Find Node A and B Voltage with Mesh Analysis

[eehelp150]

Homework Statement

Use Mesh analysis to find voltage of Node A and B

Homework Equations

V=IR
KVL

The Attempt at a Solution

Are my mesh equations correct?

Mesh1:
-j30V + (-j50 + 10)I1 - 10I2 = 0

Mesh2:
(10-j20)I2 - 10I1 - j50V - I3(-j20) = 0

Mesh3:
(-j20+30+j10)I3 - (-j20)I2 = 0

 

[gneill]

Yes, your mesh current equations look fine.

 

[eehelp150]

Yes, your mesh current equations look fine.

How would I get the voltage of Node A and B?

 

[gneill]

How would I get the voltage of Node A and B?

Ohm's law. You've solved for the currents so now you can find the potentials across any components you wish. Choose a path from the reference node to the location where you wish to know the potential and sum up the PD's along the way.

 

[eehelp150]

Ohm's law. You've solved for the currents so now you can find the potentials across any components you wish. Choose a path from the reference node to the location where you wish to know the potential and sum up the PD's along the way.

So if I wanted the voltage at Node A, I would multiple (I1-I2) with 10ohm resistor?

 

[gneill]

So if I wanted the voltage at Node A, I would multiple (I1-I2) with 10ohm resistor?

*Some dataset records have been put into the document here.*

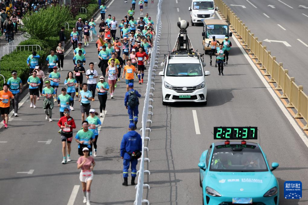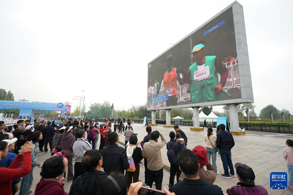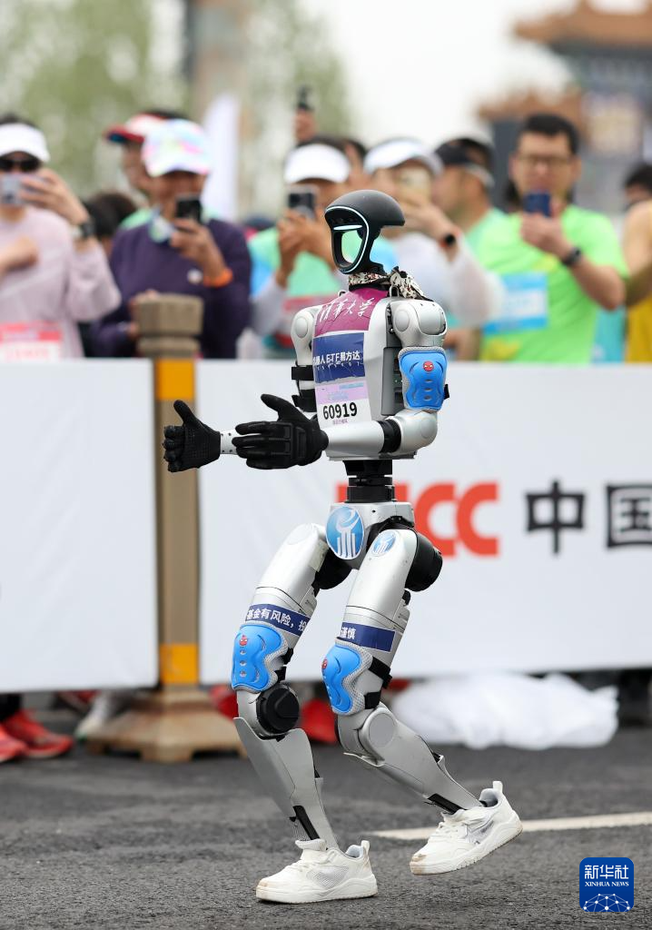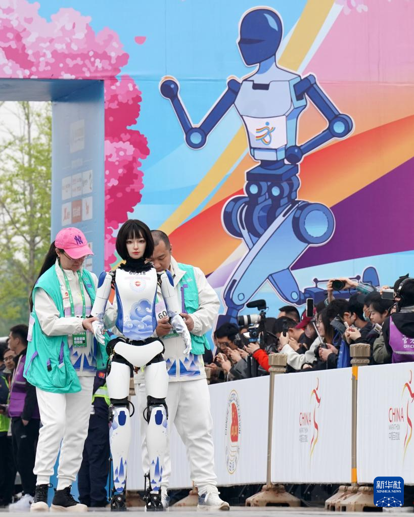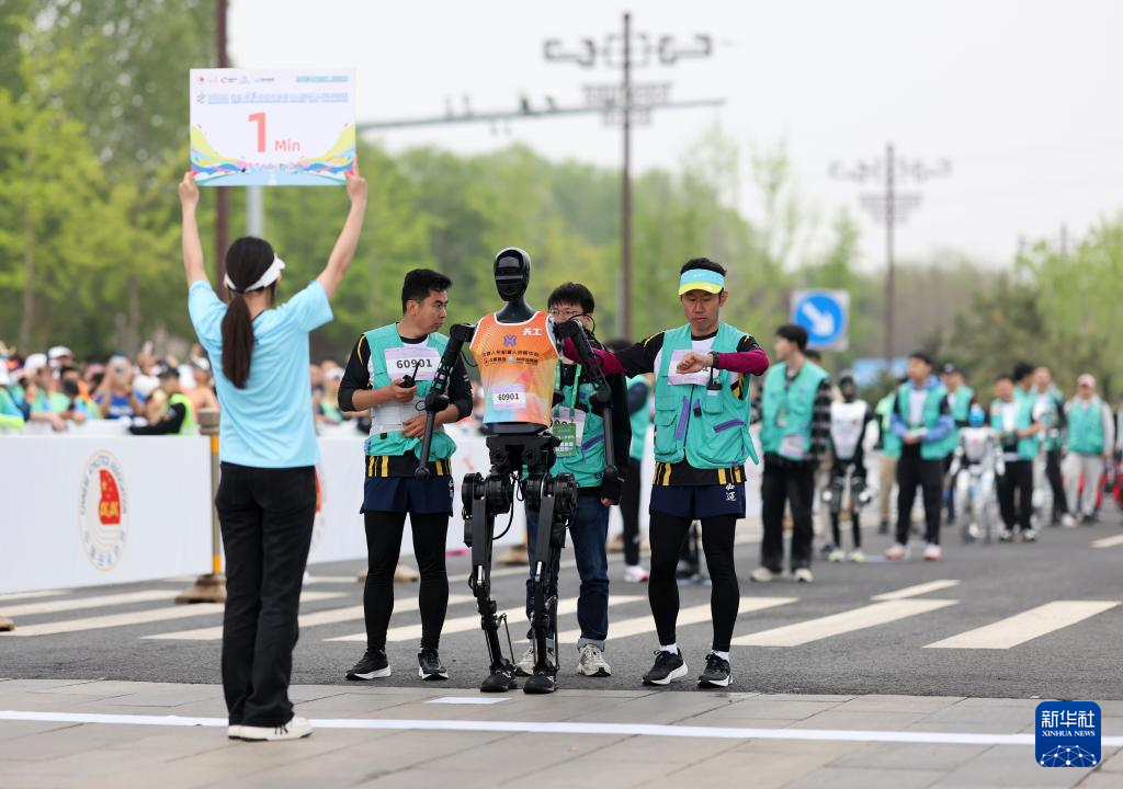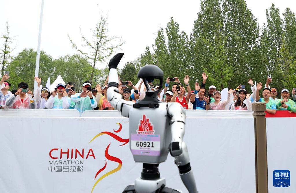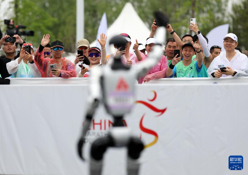 4月19日,参赛选手与人形机器人共同冲出起跑线。
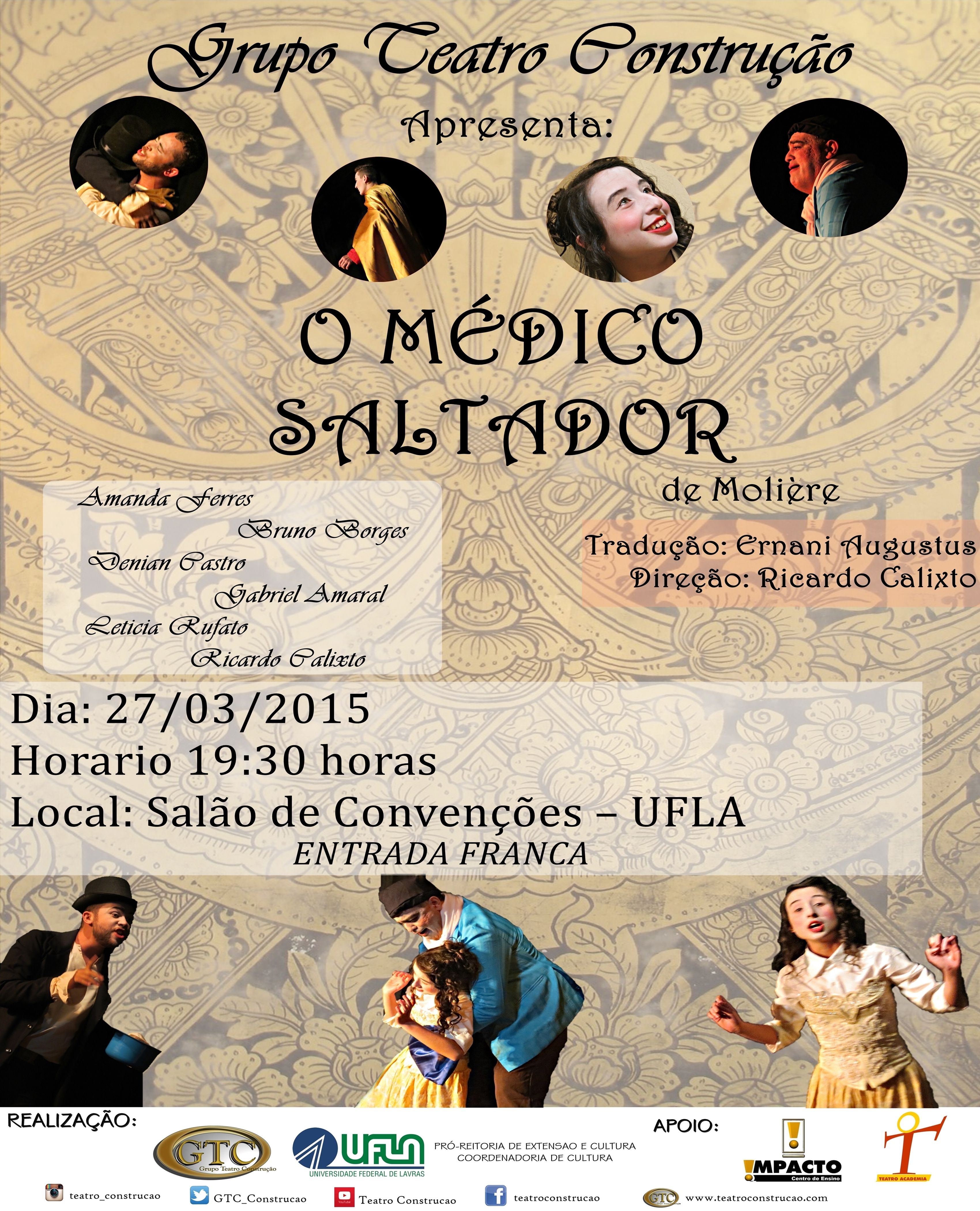 O Médico Saltador - Peça do francês Molière (1622-1673), conta com a adaptação e direção de Ricardo Calixto. Trata das impagáveis peripécias de um criado para promover a união do patrão com a sua amada. O escritor tem como característica marcante satirizar a precária ciência do seu tempo, no caso a medicina. Costuma fazer uma crítica à relação médico-paciente.
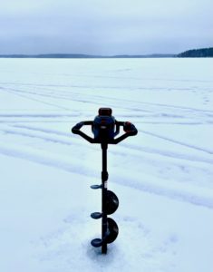Milwaukeen 18 V FDP3 -porakoneella yhdellä 5 Ah akulla on tällä kairalla kairattu jopa viitisenkymmentä reikää n. 40 cm jäähän.
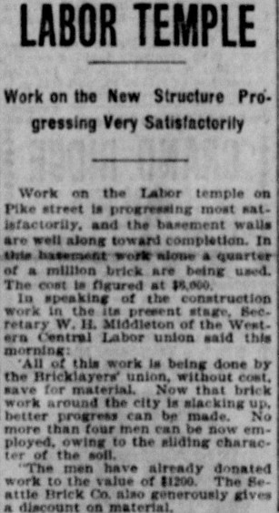 1901 11-18 SStar May 16, 2023 307 × 563 Seattle Now & Then: Seattle Labor Temple, 1955 Nov. 18, 1901, Seattle Star.
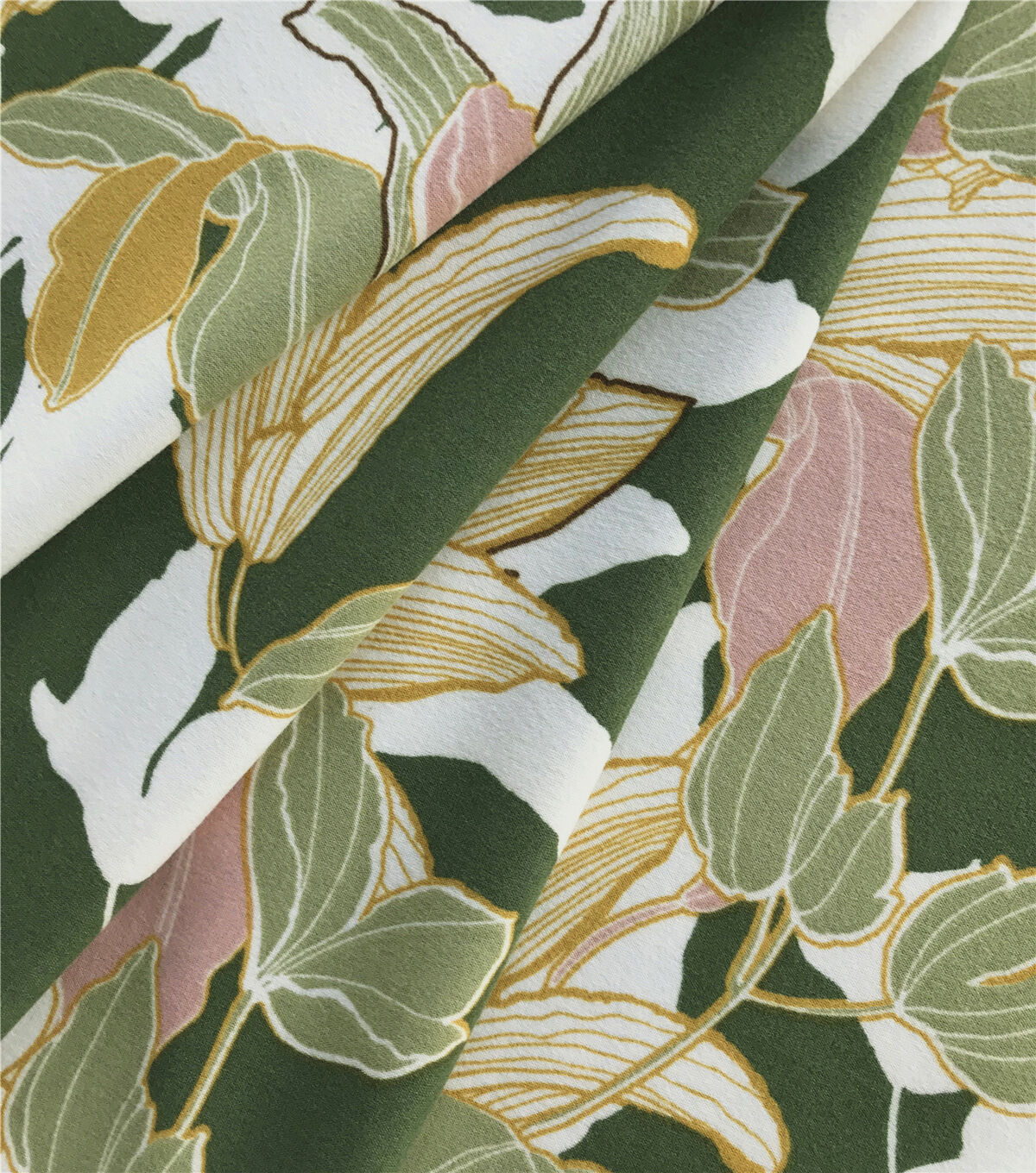 • Olive Leaves Double Brush Jersey Knit Fabric

That would work, yes. Any path from the reference node to a would work, and that happens to be a pretty convenient choice

 

[eehelp150]

That would work, yes. Any path from the reference node to a would work, and that happens to be a pretty convenient choice

I ended up getting:
14.329 < -71.74 degrees for Va
Is that right?Would Vb be: (I2-I3)*(-j20) -> 4.48 + 36.39j?

 

[gneill]

I ended up getting:
14.329 < -71.74 degrees for Va
Is that right?Would Vb be: (I2-I3)*(-j20) -> 4.48 + 36.39j?

They look good to me.

Note that for Vb you could also have just added j50 to Va; there is a fixed source of that amount tying them together.